HAZEL PARK, Mich. — Thoroughbred racing returns to Hazel Park Raceway tonight for the first time since 1984. The track, which opened at 10 Mile and Dequindre in 1949, has been used exclusively for harness racing for the last 30 years.
But because of dwindling attendance and stiff competition from local casinos, the track is gambling that a shift back to thoroughbreds will jump-start its business again.
It’s a gutsy move on the part of Hazel Park. Open year-round for simulcast wagering, the track draws a mostly older crowd, and it desperately needs some young blood to regain its relevancy. In recent weeks, Hazel Park Raceway has invested approximately $250,000 in a new racing surface, a soft sandy loam with a limestone base that’s ideal for thoroughbred horses.
Leroy McKesson, 98, started working at Hazel Park as a mutuel clerk when it first opened in 1949. These days he’s one of Hazel’s regular horseplayers, wagering on simulcast races from tracks in New York and Philadelphia. McKesson’s hopeful that Hazel Park’s return to live thoroughbred racing is a winning bet.

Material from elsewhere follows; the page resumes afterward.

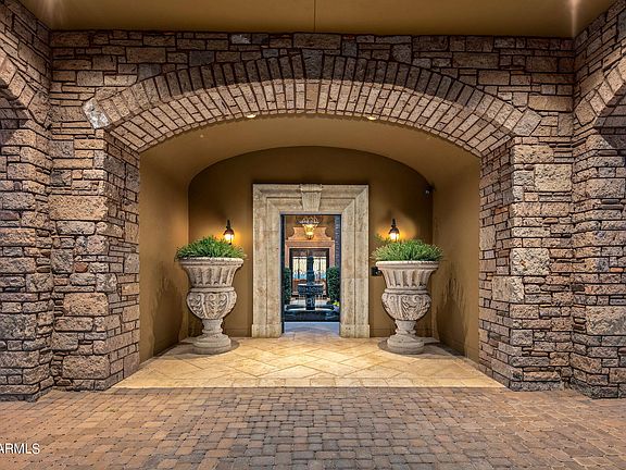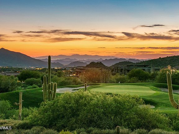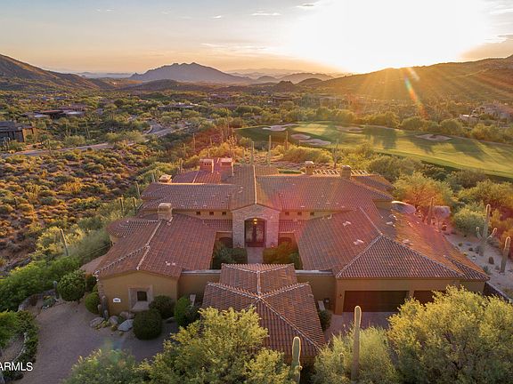 This magnificent Tuscan estate rests upon one of the finest parcels in Desert Mountain. Private and secluded, the lot allows for panoramic mountain, sunset, and city light views. The home is comfortable and inviting, wrapping you in its warmth in every room. There is a striking level of detail and quality to be appreciated in both the refined finishes and architectural style. The generous outdoor living space features a large pool, spa, putting green and swim up bar. Five bedrooms and seven bathrooms are complemented by a full office, fitness room, four car garage, elevator, and a 900 bottle wine cellar. A full golf membership to the Desert Mountain Club is available. Beautifully matched furnishings and some artwork are included with the purchase of the home.

“I think it’s a good thing,” he says. “It’ll be good for business, and it’ll bring a lot of younger people in. Younger people don’t care too much for trotters. They come for the thoroughbreds.”
Lawrence LeShore is another clubhouse regular. And at 42, he’s one of Hazel Park’s younger patrons. And perhaps its most organized. LeShore maintains multiple systems for playing the horses, with stacks of charts, colored pens, pencils, and markers. He certainly looks like he knows what he’s doing.
Reserved and soft-spoken, LeShore is a man of few words. But when asked how long he's been playing the horses, LeShore answers immediately: “Since I come out the womb."
Early Tuesday morning, Tony Kruzman, a retired schoolteacher and first-time owner, was pacing the apron near the finish line waiting for his horse to come out and exercise for the first time at Hazel Park.
“I’m like an expectant father walking back and forth,” he said.
Kruzman’s horse, a 3-year-old gelding named A Jury of Peers, started training two months ago. Kruzman is hopeful he’ll race here later this summer.
“I’ve fallen in love with this horse,” he said.
Hall of Fame trainer Jack Van Berg, who won the 1987 Kentucky Derby and Preakness with Alysheba, trained horses at Hazel Park for years in the 1960s and ’70s. For the first time in years, Van Berg was back trackside Friday morning.
“I always loved Hazel Park,” he said. “I always thought it was a great thoroughbred track. I always liked the people and the fans of Michigan and Detroit. I think they deserve this. It’s a great thing for the racing fans of Michigan.”
Van Berg and his father, the late Marion Van Berg, enjoyed much success here in Hazel Park’s heyday. “[This] place was packed with people all the time,” Van Berg said. “They like that 5/8-mile track.”
Oak Park native Mike Holmes will be riding at Hazel for the first time in his career tonight. His mount in the first race is the 6 horse, Air It Out. Holmes, whose father and uncle rode competitively here for years, is excited to finally make his debut at Hazel. "You might say it's a family tradition," he says.
Holmes, 41, is an auto mechanic by day and has been racing horses all around the Midwest and Canada for 12 years. On Tuesday, after exercising a few mounts at Hazel Park in the morning, Holmes jumped in his car and made a 10-hour round trip to Indiana for a 15-second quarterhorse race, filling in for the injured Lee Gates.
Aboard Botticelli Shake in the ninth race, Holmes came in first.
"I was so glad I could get the job done for Lee," he said.
With the failure of thoroughbred racing to take root in recent years at other Michigan tracks, including Great Lakes Downs in Muskegon and Pinnacle Race Course near Metro Airport, Hazel Park’s latest bet appears to be a long shot.
But after months of preparation, Hazel Park is expecting a big crowd tonight. Van Berg will be signing copies of his biography, From Grit to Glory, and one of Hazel’s first female jockeys, Jeannie Maxwell, will also be on hand.
Hazel Park will host nine races tonight, eight of which will be four furlongs in distance.
Post time for the first race is 7:30 p.m. Admission is free.
Hazel Park Raceway is located at 1650 E. 10 Mile Rd.
For tonight’s entries, visit equibase.com.